Im Zusammenhang mit dem Tod von Dominique Lopy, der 2007 in Gewahrsam gestorben war, sprach das Bezirksgericht von Kolda im Januar 2015 zwei Polizeibeamte schuldig. Das Gericht verurteilte die beiden Männer wegen Anwendung von Gewalt und tätlichen Angriffen zu einer Haftstrafe von je sechs Monaten und zur Zahlung von Schmerzensgeld in Höhe von 100 000 CFA-Francs (rund 150 Euro) an die Familie des Opfers.

Rechte von Lesben, Schwulen, Bisexuellen, Transgeschlechtlichen und Intersexuellen

2015 wurden mindestens 22 Personen, darunter drei Frauen, wegen ihrer vermeintlichen sexuellen Orientierung festgenommen. Im August 2015 verurteilte ein Gericht in Dakar sieben Männer wegen "widernatürlicher Handlungen" zu sechs Monaten Haft und einer Bewährungsstrafe von 18 Monaten. Die Männer waren im Juli festgenommen worden, nachdem die Polizei ohne Durchsuchungsbefehl in eine Wohnung eingedrungen war. Einige Zeitungen enthüllten die Namen der Männer und veröffentlichten homophobe und diffamierende Kommentare. Sechs der Männer kamen in ein Gefängnis in Diourbel, das weit entfernt lag von ihren Familien und Freundeskreisen, die sie mit Lebensmitteln und Medizin versorgten.

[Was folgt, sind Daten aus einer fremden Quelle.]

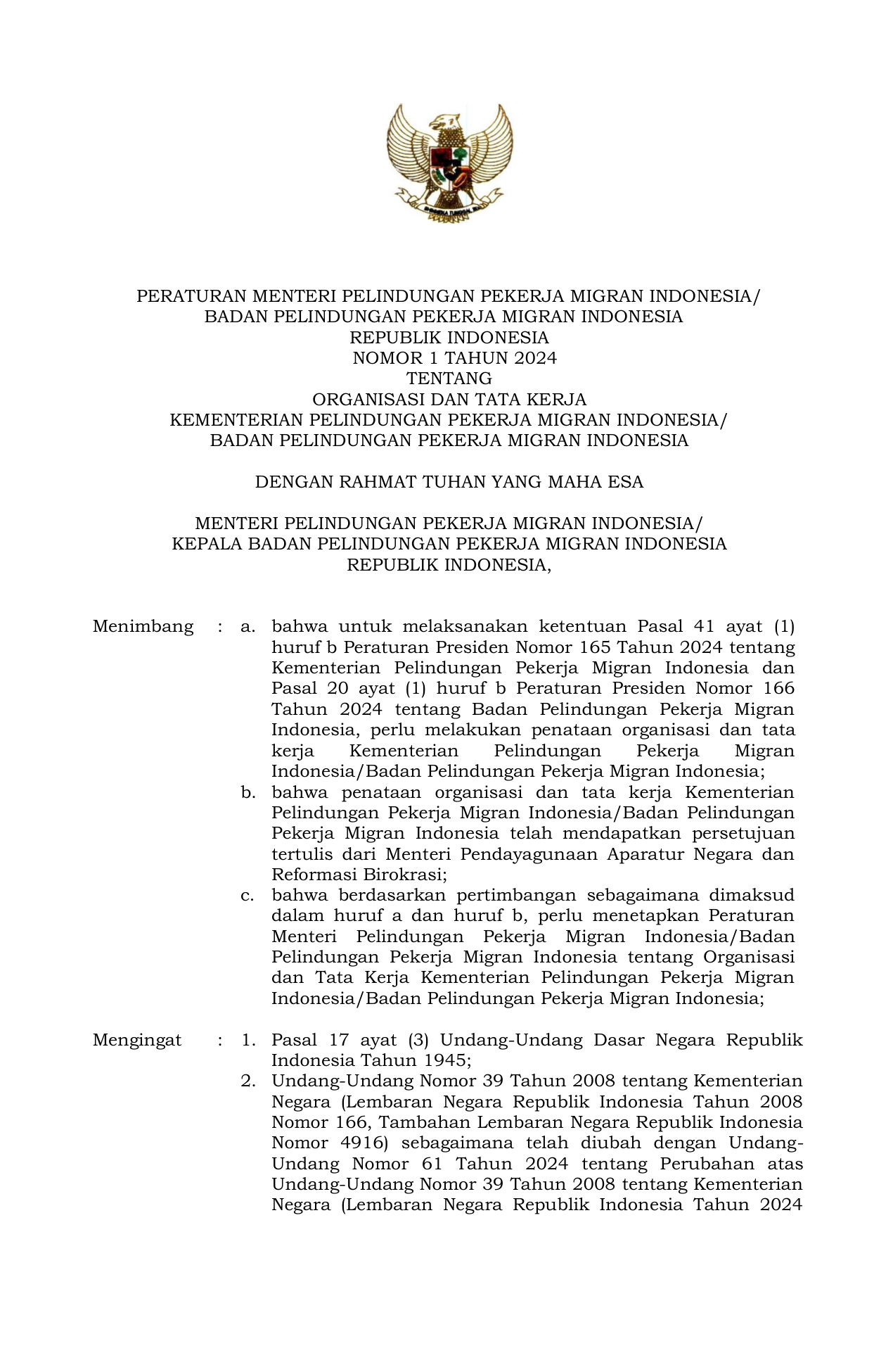 PERMEN Nomor 1 Tahun 2024 | Peraturan Menteri Nomor 1 Tahun 2024 tentang Organisasi dan Tata Kerja Kementerian Pelindungan Pekerja Migran Indonesia/Badan Pelindungan Pekerja Migran Indonesia

In einem weiteren Verfahren verurteilte ein Gericht im Juli 2015 einen Mann ebenfalls wegen "widernatürlicher Handlungen" zu sechs Monaten Gefängnis. Am 25. November 2015 wurden drei Frauen in Grand Yoff festgenommen.

Am 24. Dezember 2015 nahm die Polizei elf Männer in Kaolack fest. Sie mussten fünf Tage in Haft verbringen und wurden misshandelt, u. a. durch Beleidigungen und Schläge, bevor man sie wieder freiließ.

Internationale Rechtsprechung

Im Juli 2015 begann vor den Außerordentlichen Afrikanischen Kammern in Dakar der Prozess gegen den früheren tschadischen Präsidenten Hissène Habré, dem Verbrechen gegen die Menschlichkeit, Folter und Kriegsverbrechen während seiner Amtszeit (1982–90) zur Last gelegt wurden. Es war das erste Mal, dass in einem afrikanischen Land ein ehemaliger Staatschef eines anderen Landes vor Gericht stand (siehe Länderbericht Tschad).